In my current situation my producer and consumer index are becoming similar, it means that there are no packets coming in the DMA ring buffer whereas the packets are continuously pumped to the device connected to PC (wireshark logs confirm that packet is routing.)

We are making our bootloader OS independent, so here our implementation is doing many things(flow management, parsing the initial packet and pushing it to the upper layers ) within a single execution (introducing some timers)where as in its previous implementation which is VxWorks, things are happening in different threads and they were using their IP stack. After further debugging the issue, I have observed that packets are dropping due to RX_BUFFER overflow. I discovered that there are some issue in setting MAC multicast address in the filters at hardware level that might be a reason for the same. My observation is that first time its work fine. But after soft reset I am not able to put the filter again.
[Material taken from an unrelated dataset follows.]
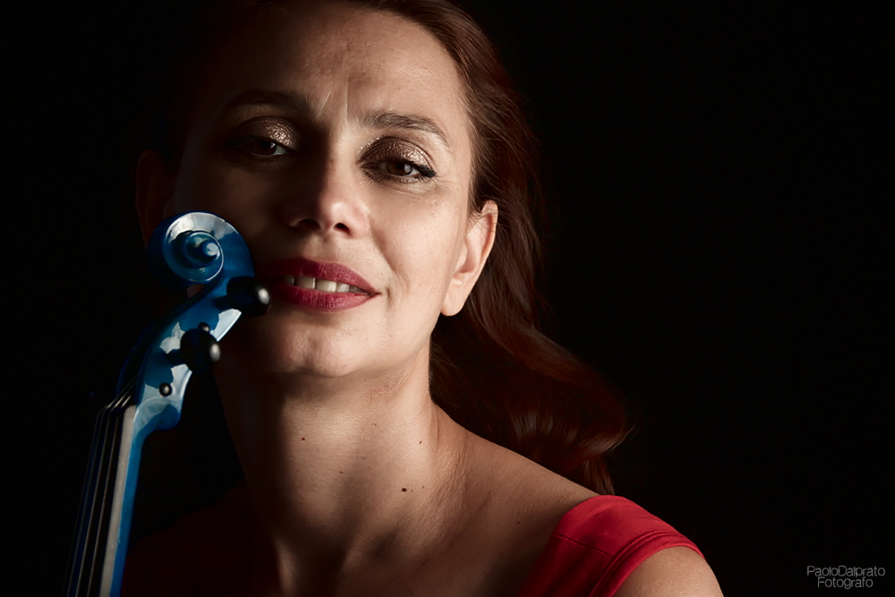 Il ritratto ad Alyona è bello, valorizzato da una bella luce che ha messo in evidenza alcuni colori come quello dello strumento che è blu, una piccola porzione di abito che è rosso, come rossi sono i suoi capelli ed il rossetto, il suo mento per come è disposto il viso è volitivo ed anche il suo sguardo che mi azzardo a dire "sensuale" , ecco allora che emotivamente vedo un collegamento , il violino diventa un oggetto celestiale suonato da un animo nobile e con grande passionalità.
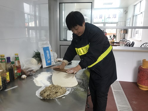圖為溫嶺西收費(fèi)所副所長也加入做飯隊(duì)伍

I have doubt on a couple of more issue and I am probing the same.

1> Initialize ethernet driver.
2> LWIP (IP stack) initialization.
3> Registering callback functions.
4> Start Ethernet PHY driver.
5> Form DHCP connection.
6> Ethernet driver keeps polling, to accept DHCP offer.
7> Join IGMP
8> Poll for multicast packet
9> parse the packet and join other multicast group
10> start polling for multicast packet again. Here after step 4, randomly I am receiving RX_BUFFER overflow message at any step onwards. The max MTU size set is 1500 byte, and the size of Buffer is 2K.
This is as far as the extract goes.